Safyra Primadhyta, CNN Indonesia | Kamis, 09/11/2017 07:16 WIB
BWI Sebut Baru 62 Persen Tanah Wakaf Tersertifikasi Badan Wakaf Indonesia (BWI) mencatat baru 62 persen tanah wakaf di Indonesia yang memiliki sertifikat wakaf atau hanya 350 ribu sertifikat. (CNN Indonesia/M. Andika Putra).
Surabaya, CNN Indonesia -- Badan Wakaf Indonesia (BWI) mencatat baru 62 persen tanah wakaf di Indonesia yang memiliki sertifikat wakaf atau hanya 350 ribu sertifikat. Padahal, luas tanah wakaf di Indonesia mencapai 420 ribu hektare (ha).

Pengurus BWI Iwan Agustiawan Fuad mengungkapkan, sertifikasi tanah wakaf di Indonesia berlangsung lambat salah satunya disebabkan keterbatasan kompetensi pengelola wakaf (nadzir).

"Pada masa-masa awal, memang banyak yang berwakaf itu kepada ustadz atau orang-orang yang dipercaya. Sementara itu, mereka memiliki keahlian pengembangan wakaf masih lemah," ujar Iwan dalam konferensi pers di Indonesia Sharia Economic Festival (ISEF) 2017 di Surabaya, Rabu (8/11).



Iwan mencontohkan, seseorang mewakafkan tanah seluas 200 ha di Kalimantan kepada seorang ustadz.
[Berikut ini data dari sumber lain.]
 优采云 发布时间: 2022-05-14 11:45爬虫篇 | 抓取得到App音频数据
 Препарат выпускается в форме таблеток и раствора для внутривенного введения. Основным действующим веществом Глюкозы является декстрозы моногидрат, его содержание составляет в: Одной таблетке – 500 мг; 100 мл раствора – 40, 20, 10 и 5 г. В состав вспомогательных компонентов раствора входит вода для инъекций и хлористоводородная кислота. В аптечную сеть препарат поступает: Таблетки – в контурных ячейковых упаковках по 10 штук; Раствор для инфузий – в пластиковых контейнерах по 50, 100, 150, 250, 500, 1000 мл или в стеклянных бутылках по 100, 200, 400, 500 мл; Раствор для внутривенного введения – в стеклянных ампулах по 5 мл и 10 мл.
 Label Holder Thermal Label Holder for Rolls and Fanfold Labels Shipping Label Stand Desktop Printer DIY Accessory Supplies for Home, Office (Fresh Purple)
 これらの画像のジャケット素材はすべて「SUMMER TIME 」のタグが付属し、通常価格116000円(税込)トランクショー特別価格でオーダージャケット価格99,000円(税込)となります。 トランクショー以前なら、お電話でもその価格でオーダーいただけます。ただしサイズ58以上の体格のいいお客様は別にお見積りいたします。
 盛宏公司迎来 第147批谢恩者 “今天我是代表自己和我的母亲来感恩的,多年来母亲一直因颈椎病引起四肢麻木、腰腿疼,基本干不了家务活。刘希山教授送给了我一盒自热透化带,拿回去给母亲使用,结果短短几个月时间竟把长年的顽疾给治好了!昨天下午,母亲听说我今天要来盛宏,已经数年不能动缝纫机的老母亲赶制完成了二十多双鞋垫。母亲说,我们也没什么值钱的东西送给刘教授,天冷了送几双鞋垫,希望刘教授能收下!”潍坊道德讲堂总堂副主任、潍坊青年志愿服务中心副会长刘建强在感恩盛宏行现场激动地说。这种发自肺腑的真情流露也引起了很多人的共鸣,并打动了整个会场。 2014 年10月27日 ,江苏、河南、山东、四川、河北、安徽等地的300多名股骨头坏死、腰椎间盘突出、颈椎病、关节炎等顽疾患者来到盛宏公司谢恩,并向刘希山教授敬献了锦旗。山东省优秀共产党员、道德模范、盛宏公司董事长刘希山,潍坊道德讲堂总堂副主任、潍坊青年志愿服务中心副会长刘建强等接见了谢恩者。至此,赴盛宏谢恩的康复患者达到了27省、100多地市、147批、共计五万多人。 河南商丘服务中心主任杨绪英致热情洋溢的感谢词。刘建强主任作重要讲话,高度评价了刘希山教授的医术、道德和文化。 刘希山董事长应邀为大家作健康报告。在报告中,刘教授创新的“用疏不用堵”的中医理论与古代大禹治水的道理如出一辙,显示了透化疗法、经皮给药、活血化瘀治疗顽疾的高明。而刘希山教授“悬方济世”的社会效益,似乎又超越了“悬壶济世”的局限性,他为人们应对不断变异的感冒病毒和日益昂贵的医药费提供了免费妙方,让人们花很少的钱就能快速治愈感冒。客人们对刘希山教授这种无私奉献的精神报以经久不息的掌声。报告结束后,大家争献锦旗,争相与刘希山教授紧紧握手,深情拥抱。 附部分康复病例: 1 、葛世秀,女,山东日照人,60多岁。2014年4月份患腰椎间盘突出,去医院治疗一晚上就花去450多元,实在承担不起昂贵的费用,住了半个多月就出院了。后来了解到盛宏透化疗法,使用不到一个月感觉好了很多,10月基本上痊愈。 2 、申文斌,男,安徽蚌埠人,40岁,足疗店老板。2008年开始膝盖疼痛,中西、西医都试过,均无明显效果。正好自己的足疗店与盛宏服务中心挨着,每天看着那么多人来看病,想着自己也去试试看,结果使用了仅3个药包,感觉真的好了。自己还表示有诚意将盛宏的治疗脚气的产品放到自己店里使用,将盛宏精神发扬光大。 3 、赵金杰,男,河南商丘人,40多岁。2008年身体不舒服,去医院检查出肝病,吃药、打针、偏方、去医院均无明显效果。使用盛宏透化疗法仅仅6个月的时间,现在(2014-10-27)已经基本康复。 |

Sayangnya, kemampuan ustadz tersebut dalam mengelola aset wakaf lemah. Terlebih, kemampuan finansial ustadz tersebut juga terbatas. Akhirnya, wakaf tanah tersebut terbengkalai.

"Apalagi harus membayar untuk pembuatan sertifikatnya, Pajak Bumi Bangunan yang harus dibayar mencapai Rp75 juta yang dia kesulitan," ujarnya.

Namun demikian, BWI terus mendorong agar setiap tanah wakaf memiliki sertifikat demi kepentingan pengembangan ke depan. Setiap tahun, BWI mengalokasikan sejumlah anggaran untuk membantu pengurusan setifikat wakaf.


Pemerintah juga telah meluncurkan program Prona untuk mempermudah pengurusan sertifikat Tanah.

"Dengan adanya program Prona, kami terus-menerus mendorong agar wakaf bisa terus disertifikatkan semuanya," ujarnya.